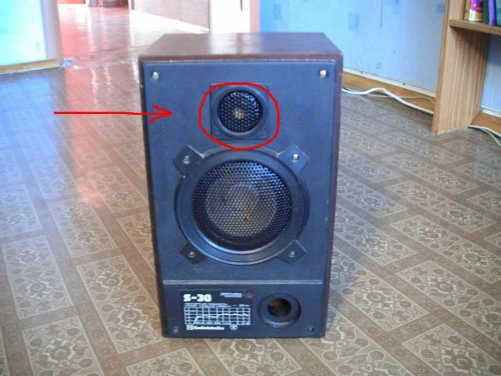 у меня есть две колонки S-30 советские. играют нормально, но на одной колонке верхний маленький динамик, который ВЧ воспроизводит, не работает,точнее он работает, но верхних в нем не слышно. из него идет ненасыщенный глухой звук.
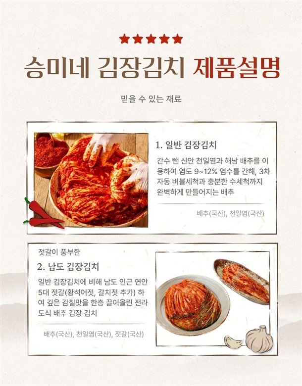 전라도 전통의 김치를 지향하며 철저한 위생과 품질로 다가갑니다.
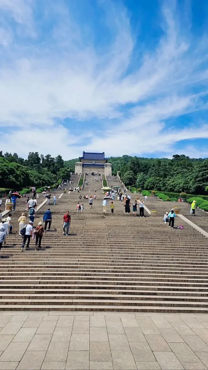 第二天去中山陵。爬台阶爬到一半,腿有点酸,坐在路边石阶上歇脚。旁边一对本地老夫妻也在休息,老太太看我一个人,递过来一瓶水:”年轻人,喝口水,392级台阶嘞,慢慢走不急。”

# # # # # # #

• _Action item_: Repeat the material exactly. Any picture in it should be dropped.

• _Written reply_:
 у меня есть две колонки S-30 советские. играют нормально, но на одной колонке верхний маленький динамик, который ВЧ воспроизводит, не работает,точнее он работает, но верхних в нем не слышно. из него идет ненасыщенный глухой звук.
 전라도 전통의 김치를 지향하며 철저한 위생과 품질로 다가갑니다.
 第二天去中山陵。爬台阶爬到一半,腿有点酸,坐在路边石阶上歇脚。旁边一对本地老夫妻也在休息,老太太看我一个人,递过来一瓶水:”年轻人,喝口水,392级台阶嘞,慢慢走不急。”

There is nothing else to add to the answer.